Abstract

Previous studies showed that both high-osmolality and low-osmolality iodinated contrast media cause temporary albuminuria and enzymuria (presence of enzymes in urine) in normal rats. Whether the same is true with ionic high-osmolality and nonionic low-osmolality magnetic resonance (MR) contrast media is unknown. We studied urine profiles and histology after intravenous injection of four types of contrast media in rats with normal kidneys. Urine profiles were monitored 4, 24, 48, and 72 hr after intravenous injection of saline, diatrizoate, iohexol, gadopentetate dimeglumine, and gadodiamide (4.59 mmol/kg of body weight) in normal rats. Each group included 20 male rats. After sacrifice, both kidneys were removed for examination by light microscopy (LM) and electron microscopy (EM). All four contrast agents caused a temporary (< 22 hr) increase in the excretion of albumin (2-5 times) and of cytoplasmic (30-100 times) and brush border (10-100 times) renal enzymes when compared with saline.
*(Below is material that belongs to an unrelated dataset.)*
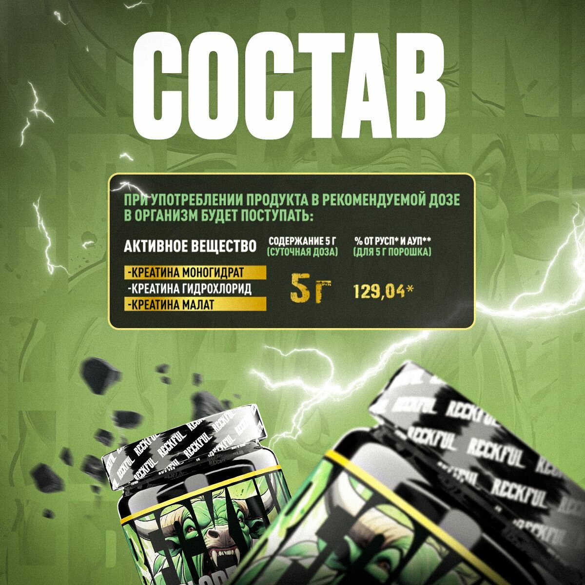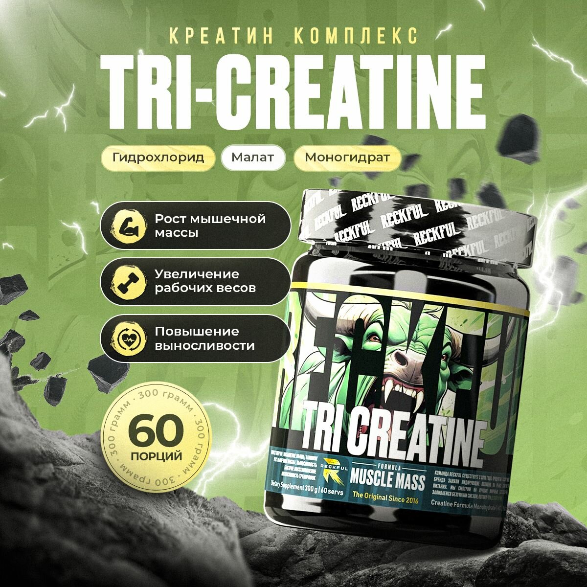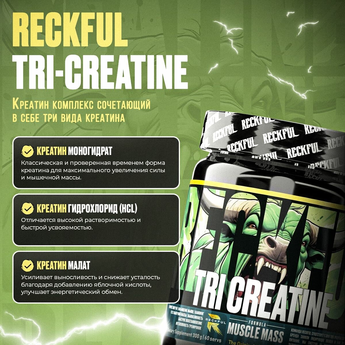 Креатин Комплекс Reckful Tri-Creatine интересное:

The degree of albuminuria correlated well (r = 0.90) with the osmolality of the injected media, whereas the increased level of enzymuria was unrelated to the osmolality. No major differences in the enzymuric effects of the four agents were noted. LM revealed vacuoles in all kidneys exposed to radiologic contrast media but not in kidneys exposed to MR contrast media or saline. Slight vacuolation was revealed by EM after the use of MR contrast media, and significant vacuolation was evident via EM after the use of radiologic contrast media. No difference between ionic and nonionic media within each drug group was detected by either LM or EM. Transient renal effects are induced by both ionic and nonionic high-osmolality and low-osmolality radiologic and MR contrast media in normal rats. Both osmotic (e.g., albuminuria) and chemotoxic (e.g., enzymuria) mechanisms seem to be involved. From a morphologic point of view, the chemotoxic mechanisms seem to be of major importance.